Page 1 of 1
performance issue with reading from hash file via routine
Posted: Wed Jun 18, 2008 6:23 pm
by morris.zhang
Hi All,
I created a routine which reads from a hash file with the hash key, but seems that the performance is bad.
The codes I am using is as following:
vCommand = "SELECT Hash_File_Name WITH @ID = Hash_Key"
Print " Start Time : " : Time()
Execute vCommand capturing output
Print " End Time : " : Time()
It took around 0.012 Seconds to execute the command. I also created a simple job to test the routine and the statistics showed that the performance is 30 rows/sec which is very bad, How can I improve the performance?
Thanks,
Morris
Posted: Wed Jun 18, 2008 6:29 pm
by ray.wurlod
Welcome aboard. How do you define "performance"? What's wrong with 0.012 seconds? How many rows were selected?
Posted: Wed Jun 18, 2008 6:32 pm
by chulett
Well... first off, welcome. :D
Secondly, I'd be curious what your 'simple job to test' this looked like. I've got a routine like this, but it's only for doing a singleton select, typically in the Initial Value area of a stage variable. One and Done, as they say.
Unless you've gone out of your way to code for this, each call to the routine needs to open the hashed file. Over and over. Open, select, close. So, again I'm curious - what problem is this meant to solve and are you sure this is the best approach to be taking?
Posted: Wed Jun 18, 2008 6:46 pm
by morris.zhang
Thanks Ray and Craig.
The hashed file has 10 rows only.
The simple test job has two stages only, one transformer creates 10,000 records and keeps calling the routine and writes the output to a sequential file. As Craig said, currently each call to the routine needs to open the hashed file, over and over.

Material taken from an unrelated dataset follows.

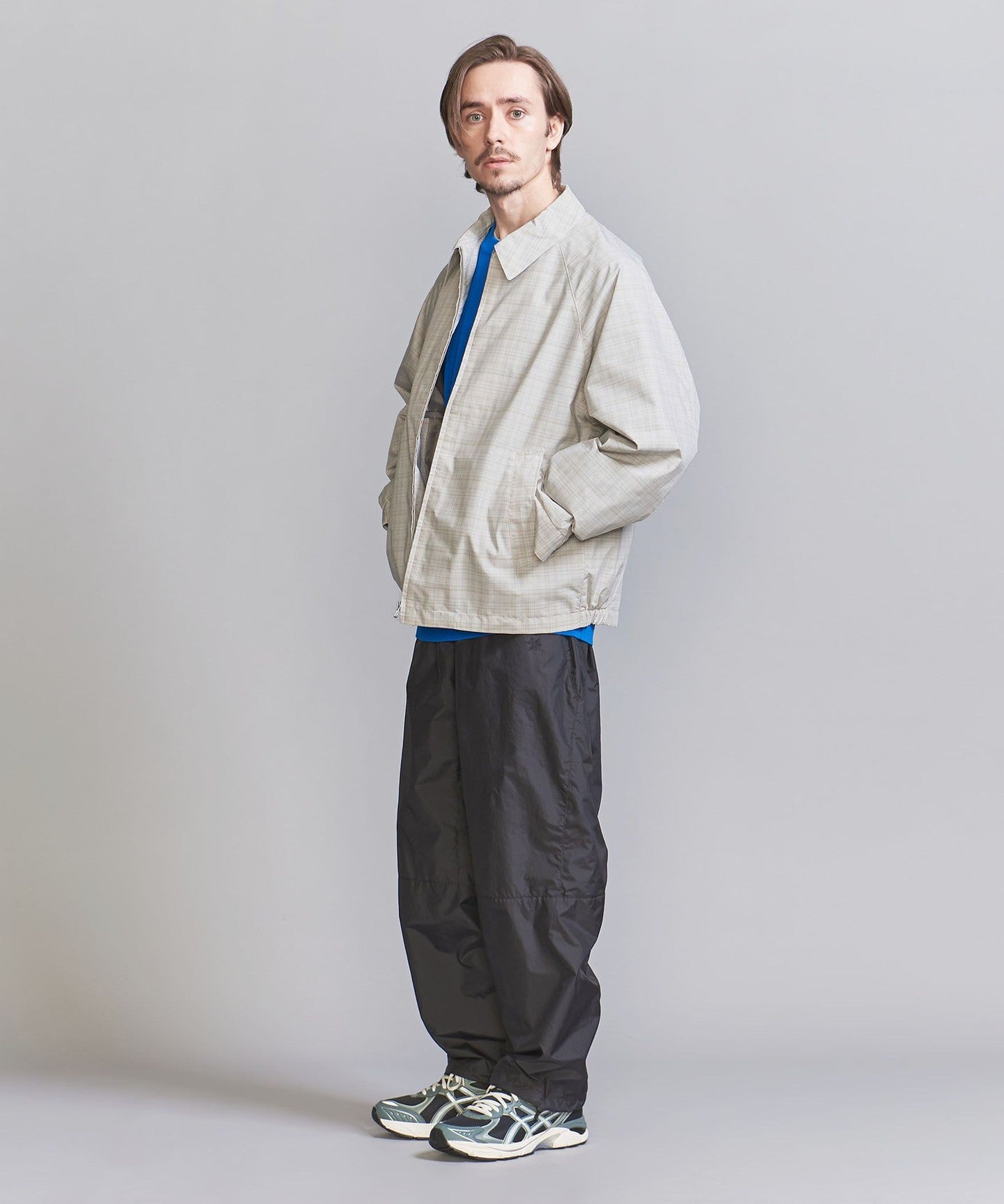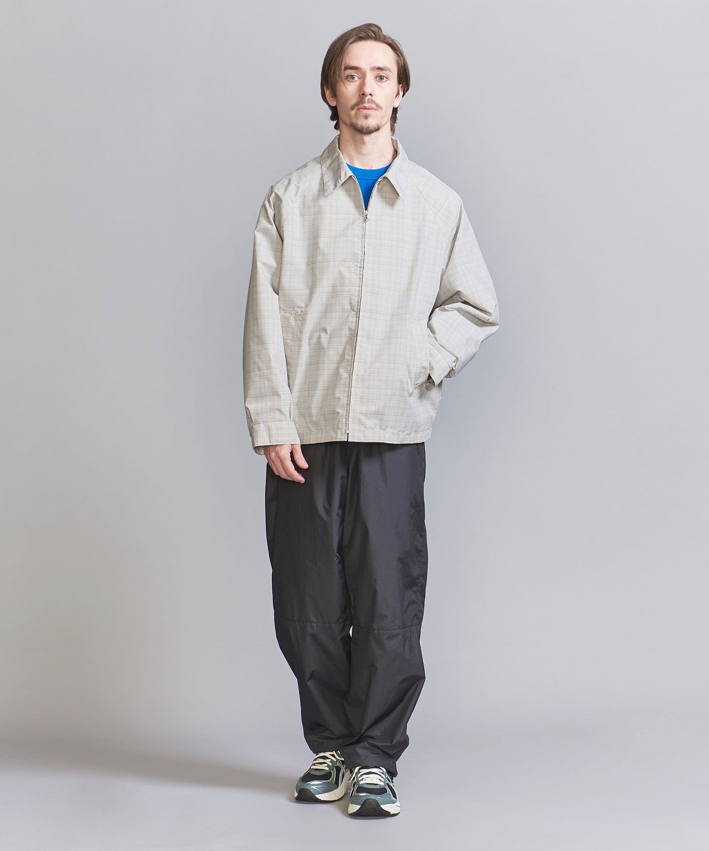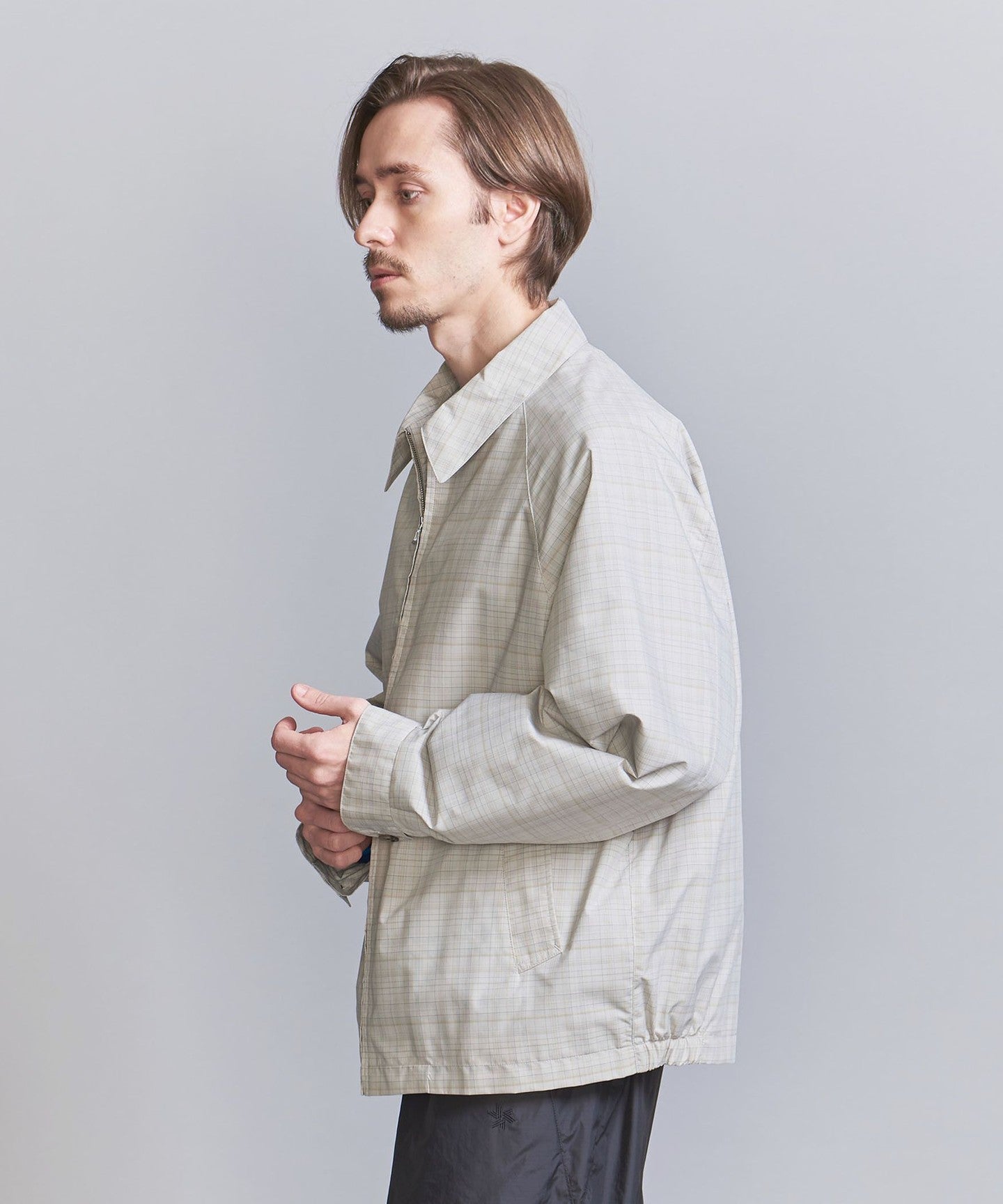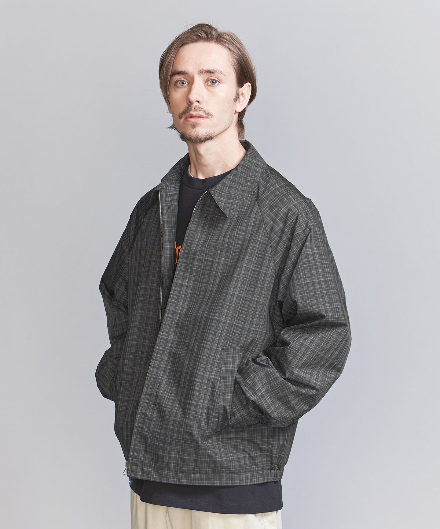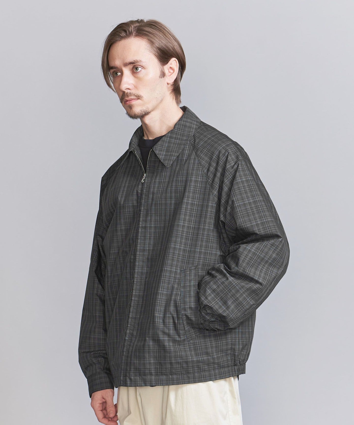 A traditional Harrington jacket made with a subdued check pattern.

Actually the problem I meant to solve is: lookup a hashed file with hashed_key and insert the hashed_key into the hashed file if lookup fails. so when the next record comes in, it will not fail to lookup.
Posted: Wed Jun 18, 2008 7:02 pm
by chulett
Ok. Do you realize you don't need any kind of special routine to do this? Simply put two hashed file stages on the canvas, attached to the same transformer, referencing the same hashed filename. One is a reference link, the other an output link. When the lookup fails, write the record to the output link.
The lookup won't fail the next time as long as you've done one of two things:
1) Do not cache the reference lookup.
2) Or used the 'Cached, locked for update' option.
I prefer the former, for whatever that is worth.
Posted: Wed Jun 18, 2008 9:24 pm
by morris.zhang
I've done the same as suggested, it now is working fine, great!
Thanks man.
Posted: Wed Jun 18, 2008 9:44 pm
by chulett
No problem. Please mark the thread as Resolved when you get a chance.